Шрифт:
Интервал:
Закладка:
Рослыми были эти гавайские ковбои, но спящий был еще рослее! Судя по белоснежной бороде и таким же волосам, он был значительно старше их. Толстые запястья и огромные пальцы свидетельствовали о могучем телосложении. Одет он был в широкие штаны из грубой бумажной ткани и бязевую рубаху без пуговиц, открывавшую грудь, заросшую лохмами таких же белоснежных волос, как и на голове. Ширина и высота этой груди, ее упругие и пластичные, теперь отдыхавшие мускулы свидетельствовали об огромной силе человека. И ни загар, ни обветренность кожи не могли скрыть того, что это был настоящий хаоле — чистокровный белый.
Вздернутая в небо огромная белая борода, не подстригавшаяся цирюльником, поднималась и опускалась с каждым дыханием, а белоснежные усы топорщились, как иглы дикобраза. Внучка спящего, девочка лет четырнадцати, в рубахе муу-муу, сидела возле него на корточках и отгоняла мух перистым опахалом. На ее лице написаны были озабоченность, нервная настороженность и благоговение — словно она прислуживала богу.
И действительно, спящий бородач Хардмэн Пул был для нее, как и для многих других, богом: источником жизни, источником питания, кладезем мудрости, законодателем, улыбающимся благодеянием и карающим черным громом — короче говоря, владыкой, у которого было четырнадцать живых и совершенно взрослых сыновей и дочерей, шесть правнуков, а внуков столько, что ему трудно было счесть их даже на досуге.

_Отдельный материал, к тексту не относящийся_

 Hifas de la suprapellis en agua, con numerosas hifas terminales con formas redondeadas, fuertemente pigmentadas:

За пятьдесят один год до этого он высадился из беспалубной шлюпки в Лаупа-хоэхоэ на наветренном берегу Гавайских островов. Эта шлюпка была единственной уцелевшей с китобойного судна «Черный Принц», из Нью-Бедфорда[1]. Уроженец этих мест, он в двадцать лет благодаря своей сокрушительной силе и ловкости уже был вторым помощником на погибшем впоследствии китобойном судне. Прибыв в Гонолулу и хорошенько оглядевшись, он первым делом женился на Каламе Камаиопили, потом стал лоцманом порта Гонолулу, после этого открыл салун с меблированными комнатами и наконец после смерти отца Каламы занялся скотоводством на унаследованных ею обширных пастбищах.

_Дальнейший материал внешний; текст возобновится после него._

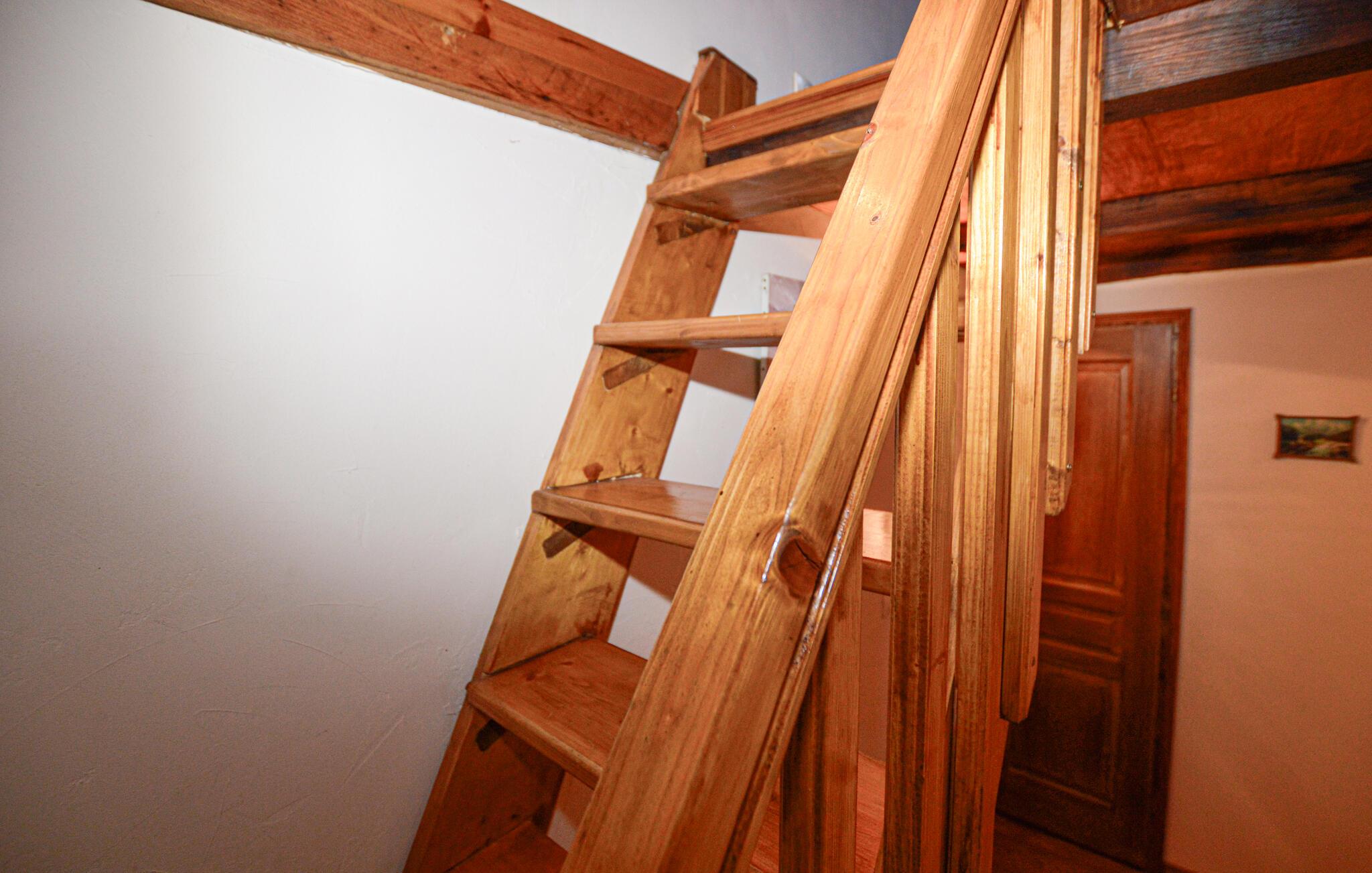 Staircase: Steep. Narrow. Open steps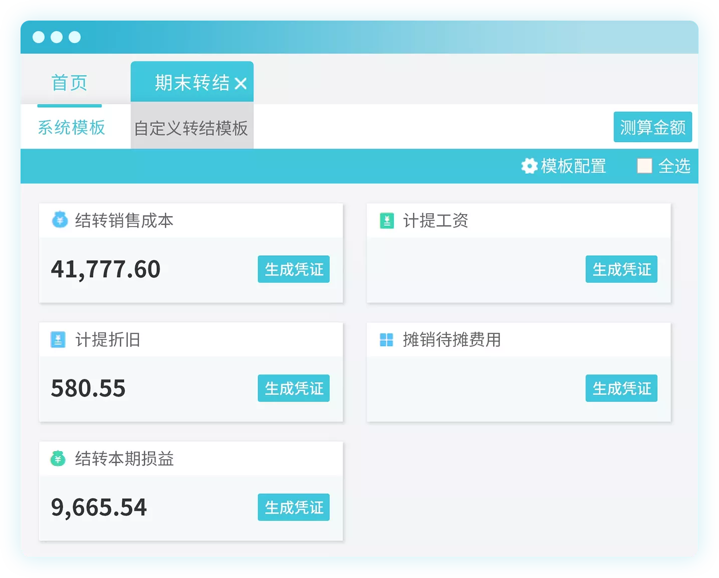 自动生成损益凭证、成本结转凭证、计提折旧凭证,期末结转再也不会出错;

Свыше полувека жил он с гавайцами и, по их признанию, знал их язык лучше очень многих туземцев. Женившись на Каламе, он взял за ней не только землю, он приобрел и звание вождя и верноподданность простолюдинов. Вдобавок он сам обладал всеми природными качествами, необходимыми вождю: исполинским ростом, бесстрашием, гордостью, пылким нравом, не переносившим ни малейшего оскорбления, ни заносчивости; не боясь решительно ничего, какой бы могучей силой ни обладал противник, он добивался преданности прочих смертных не каким-нибудь презренным торгашеством, а самой широкой щедростью. Он знал гавайцев насквозь, знал их лучше, чем они знали себя, в совершенстве усвоил их полинезийскую велеречивость, знал их поверья, обычаи и обряды.
И вот на семьдесят втором году жизни, проведя в седле целое утро, начавшееся в четыре часа, он лежал теперь в тени деревьев, предаваясь привычной и священной сьесте[2], которую ни один подданный не посмел и не позволил бы нарушить никому даже из равных великому владыке. Только королю предоставлялось это право, но король также убедился в свое время, что нарушить сьесту Хардмэна Пула значило разбудить человека, способного сказать в лицо весьма неприятную правду, а ее, как известно, не любят выслушивать даже короли.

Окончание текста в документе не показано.